• Activity
Write out again, exactly, the lines below starting at the one with "After NAB : DPSJ" and ending at the one with "верхний душ |".

++++ Data provided

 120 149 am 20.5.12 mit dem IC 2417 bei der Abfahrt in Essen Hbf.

++++++++
++++ Data provided

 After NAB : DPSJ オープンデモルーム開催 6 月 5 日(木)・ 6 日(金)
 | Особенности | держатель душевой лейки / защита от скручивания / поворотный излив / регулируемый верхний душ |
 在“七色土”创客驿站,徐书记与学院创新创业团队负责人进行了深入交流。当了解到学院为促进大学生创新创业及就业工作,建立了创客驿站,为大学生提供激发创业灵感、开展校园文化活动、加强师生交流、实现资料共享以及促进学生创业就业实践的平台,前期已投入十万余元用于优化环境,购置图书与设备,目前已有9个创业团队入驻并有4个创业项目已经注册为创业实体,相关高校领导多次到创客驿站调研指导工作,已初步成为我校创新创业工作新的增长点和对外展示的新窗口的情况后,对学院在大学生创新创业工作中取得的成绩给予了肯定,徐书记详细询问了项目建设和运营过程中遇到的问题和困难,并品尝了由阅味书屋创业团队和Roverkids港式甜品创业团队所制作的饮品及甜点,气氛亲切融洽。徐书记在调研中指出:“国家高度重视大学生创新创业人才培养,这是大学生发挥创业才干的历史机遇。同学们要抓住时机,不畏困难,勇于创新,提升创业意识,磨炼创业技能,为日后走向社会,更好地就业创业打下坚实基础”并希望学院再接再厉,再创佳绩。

++++++++

• Solution to the exercise
 After NAB : DPSJ オープンデモルーム開催 6 月 5 日(木)・ 6 日(金)
 | Особенности | держатель душевой лейки / защита от скручивания / поворотный излив / регулируемый верхний душ |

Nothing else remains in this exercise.